Литмир - Электронная Библиотека

Катерина успела к гадалке затемно. И гадала та задумчивой Катерине долго и старательно. То квадратом, то треугольником, то дорожкой выкладывала карточный расклад, желая увидеть и рассмотреть всю-то Катеринину судьбу. То рубашкой вверх, то привычными движениями, едва касаясь лежащих карт, ловко волной переворачивала их, вполголоса произнося предсказания, называя выпавшие карты и значение комбинаций из них. Словно всю жизнь Катерины пыталась перекроить, переложить по-новому. Но от ее объяснений все становилось лишь туманнее и запутаннее. И несмотря на все старания, так и не смогла гадалка дать ответа Катерине, что к чему и чем «сердце успокоится», как ни старалась. Помалкивали о будущем валеты, затаились короли, отворачивалась и дама пик, молчала, уставившись куда-то в сторону поверх своего вечного неувядающего красного тюльпана.

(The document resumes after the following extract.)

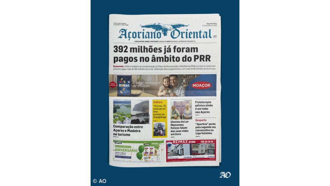 "392 milhões já foram pagos no âmbito do PRR" é a manchete do Açoriano Oriental

Да и что тут скажешь, не огорчив женщину, о том, что, хоть какие у тебя хоромы вырастут, с отоплением и душевыми кабинами на каждом этаже, и даже полный дом раскрасавцев-мужей заведи… Но уж если кончились годики молодые, так уж ничто не поможет. Так что уж лучше помалкивать об этом, что с тюльпаном, что без него!

Словом, излечилась наша Катерина!

Пахомыч

Зимой 2010 года в окрестностях Ругачева хоронили Пахомыча, старого пасечника, бывшего колхозного пчельника. Галками на январском снегу чернела вереница траурных черных платков соседок и темных курток соседей старого бобыля Пахомыча.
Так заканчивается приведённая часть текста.